◆ Task material ◆

----------------------------------------

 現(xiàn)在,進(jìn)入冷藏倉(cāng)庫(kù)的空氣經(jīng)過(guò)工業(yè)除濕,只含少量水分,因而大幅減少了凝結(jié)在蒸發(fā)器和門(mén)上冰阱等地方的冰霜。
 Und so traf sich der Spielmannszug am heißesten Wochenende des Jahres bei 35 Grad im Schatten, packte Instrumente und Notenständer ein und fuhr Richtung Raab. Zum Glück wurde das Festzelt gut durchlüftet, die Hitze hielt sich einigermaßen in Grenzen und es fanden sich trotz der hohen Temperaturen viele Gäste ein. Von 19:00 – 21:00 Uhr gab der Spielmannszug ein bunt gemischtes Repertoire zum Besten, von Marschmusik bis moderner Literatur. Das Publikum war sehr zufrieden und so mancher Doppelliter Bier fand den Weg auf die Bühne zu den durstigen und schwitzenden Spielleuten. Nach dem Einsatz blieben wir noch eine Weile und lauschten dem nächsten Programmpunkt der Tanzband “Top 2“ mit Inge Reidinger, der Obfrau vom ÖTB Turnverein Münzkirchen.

----------------------------------------

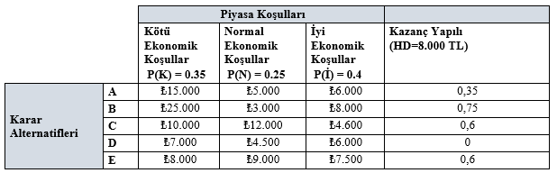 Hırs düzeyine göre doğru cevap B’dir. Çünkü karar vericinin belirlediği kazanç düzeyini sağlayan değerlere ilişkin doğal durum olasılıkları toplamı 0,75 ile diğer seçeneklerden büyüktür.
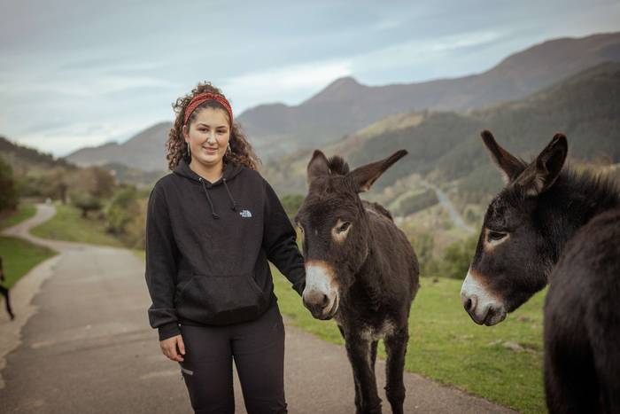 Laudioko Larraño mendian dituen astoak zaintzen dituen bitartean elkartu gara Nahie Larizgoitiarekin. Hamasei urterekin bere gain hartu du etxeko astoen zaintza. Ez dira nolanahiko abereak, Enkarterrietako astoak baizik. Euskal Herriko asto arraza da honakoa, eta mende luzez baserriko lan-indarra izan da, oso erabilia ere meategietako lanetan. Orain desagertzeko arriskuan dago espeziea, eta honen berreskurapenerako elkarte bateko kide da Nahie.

----------------------------------------

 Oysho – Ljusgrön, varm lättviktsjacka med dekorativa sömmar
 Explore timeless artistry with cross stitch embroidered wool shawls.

----------------------------------------

◆ Your instructions ◆
Print exactly the lines of the listing above starting at the line containing "Oysho – Ljusgrön, varm" and ending at the line containing "Explore timeless artistry", both included.

◆ Completed task ◆
 Oysho – Ljusgrön, varm lättviktsjacka med dekorativa sömmar
 Explore timeless artistry with cross stitch embroidered wool shawls.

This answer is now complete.